9. Le vendredi 6 novembre 2015, 11:32 par Pablo

Non mais, merci la chimie (sommes-nous quelque chose d'autre que chimie, dans le fond ?) ; merci les produits artificiels (y compris les hormones de synthèse), car tout ce qui est naturel n'est pas forcément bénéfique (quoi de plus naturel que ton japo) ; merci la biotechnologie et merci la manipulation génétique. (L'usage qu'en font ou puissent faire certaines multinationales et l'industrie pharmaceutique... ça c'est une autre affaire !). C'était mon intervention politiquement incorrecte et parfaitement inutile de la semaine. Bon week-end !

10. Le vendredi 6 novembre 2015, 14:45 par Sacrip'Anne

Pablo toi aussi !

11. Le vendredi 6 novembre 2015, 22:56 par Pablo

0:-) :heart:

12. Le mardi 10 novembre 2015, 07:56 par Valérie de haute Savoie

Ma mère a eu un épisode d'épuisement total dû a un gros problème cardiaque diagnostiqué depuis et lui redonnant cette énergie vitale. Je sais combien l'on peut cataloguer trop vite un malade dans la case chochotte ou siphonné. Je ne prends jamais à la légère une fatigue anormale (j'ai tanné ma mère pour qu'elle aille voir un médecin), je suis contente pour toi que l'on t'ai trouvé le bon dosage et je croise les doigts pour qu'il le reste :)

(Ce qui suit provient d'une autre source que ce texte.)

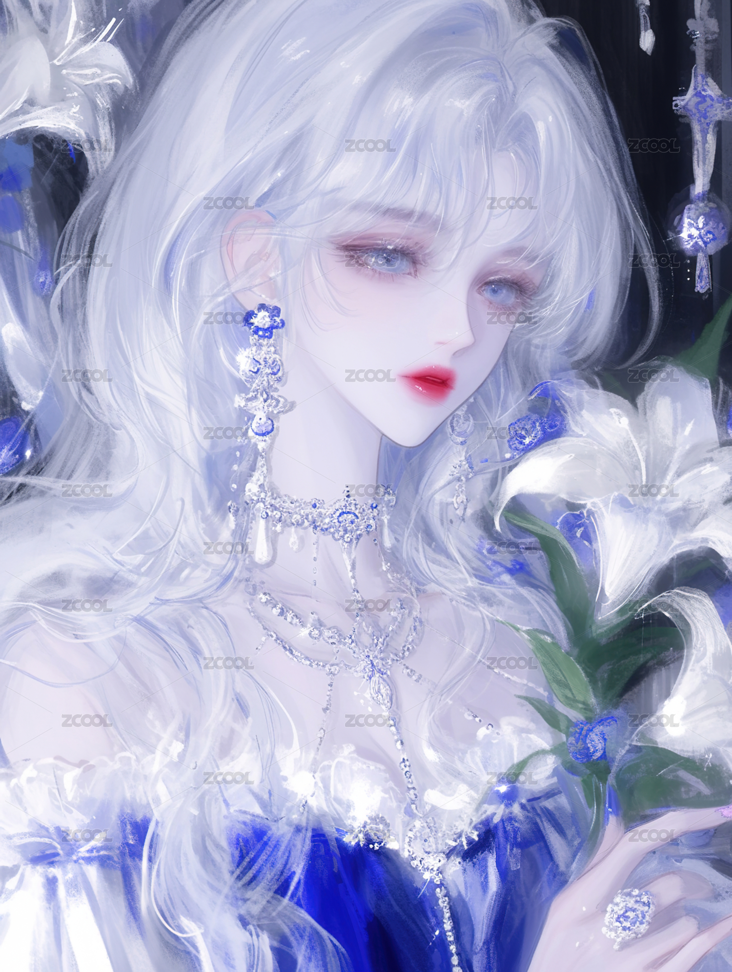 水彩风鲜花礼服长发少女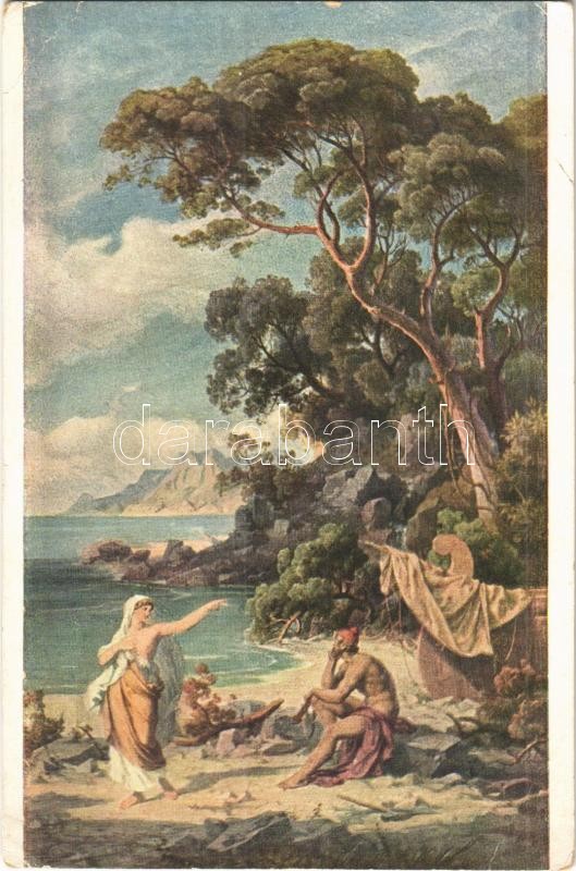 Leírás: Odysseus wird von der Nymphe Kalypso zur Heimat entsandt / Erotic nude lady art postcard s: Fr. Preller (EB)

13. Le mardi 10 novembre 2015, 09:52 par Junko

Cet épisode de grande fatigue et d'incompréhension de l'entourage me rappelle l'année où j'ai eu une mononucléose. Bah oui, une très grande fatigue est plus ou moins le seul symptôme, mais bon ce n'est pas grave, il n'y a pas de remède, il suffit d'attendre que ça passe et ça porte un nom plutôt rigolo "la maladie du baiser". Et quand je me suis endormie sur la table d'épuisement le jour du concours, certains ont cru que j'avais simplement fait la fête la veille comme tant d'étudiants... On est heureux quand on en sort. Et je suis vraiment heureuse pour toi que tu aies réussi à trouver un accord avec ton corps. Après il est vrai aussi que les personnes souriantes et optimistes sont peut-être perçues, à tort, comme moins fragiles alors on ne les prend pas forcément autant au sérieux. J'espère sincèrement que ton Japonais ne va pas se remontrer cruel avec toi à l'avenir.

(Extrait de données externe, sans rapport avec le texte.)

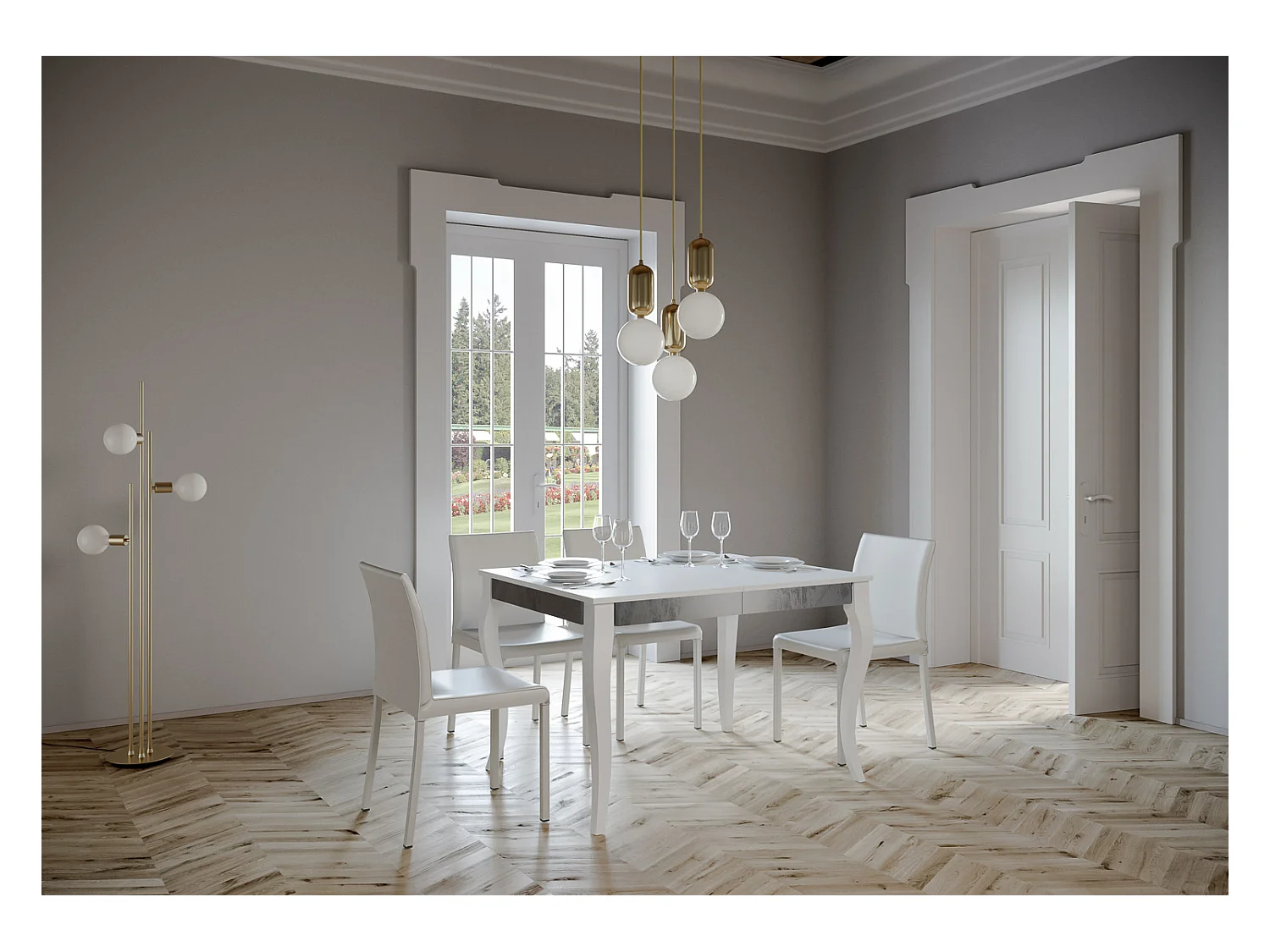 Table extensible 90x120/224 cm Olanda Iron Frêne Blanc cadre gris

14. Le mardi 10 novembre 2015, 11:33 par Sacrip'Anne

Pablo on se prépare pour le jour férié, maintenant, ici !

Valérie potentiellement il peut rebouger, mais probablement pas avant un long moment ! Merci !

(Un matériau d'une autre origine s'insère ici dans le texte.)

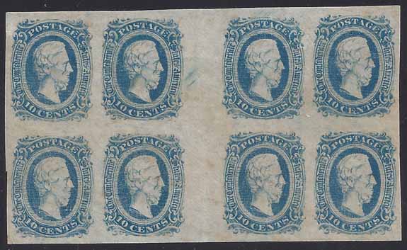 CSA #11 (AD) Gutter Block of 8 UNUSED (4-Margin) No Gum. Extremely light fold in the gutter barely discernible. The gum having been removed years ago allowed the stamps to retain a fresh color with no toning. Very Fine. |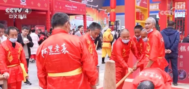 在江西上饶,当地的年糕节热闹喜庆。木制榔头反复捶打,蒸熟的米粒在石臼中逐渐成团,年糕渐渐成型,米香四溢。
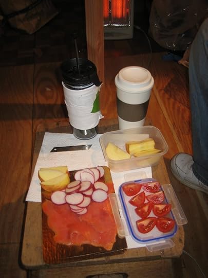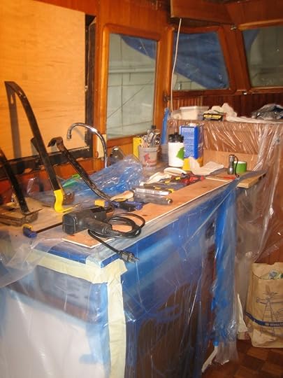 Enjoy a mouth-watering meal of fine wild-caught Alaskan smoked salmon, crisp, spicy radishes and fresh vine-ripened tomatoes, followed by a desert of sliced Rome apples and Peruvian dark chocolate, all prepared with only the finest of genuine imported Japanese utility knife blades and served on a genuine vintage mahogany boat stool. Sip Monkey-Picked Oolong tea prepared in a hotpot and served in insulated travel cups. Admire the authentic ‘boat under restoration’ ambiance, surrounded by the genuine plywood cabin sole, galley-as-workbench, plastic drop-cloths and everywhere you turn, tools, tools, tools!

Junko c'est rigolo, je viens d'écrire qu'à tout prendre, je suis contente que depuis des années, quitte à choisir, ma thyroïde ait opté pour la bonne humeur fréquente plutôt que le métabolisme en béton :) Même si bon, les deux, j'aurais pris, hein !

Quoi qu'il en soit, merci ! Et je pense à ton concours et au "poids de la réputation", dans ce genre de situations. En mode "venant d'elle, fallait-il s'attendre à autre chose ?"

Bref. Les gens qui savent quoi penser à notre place, tout ça.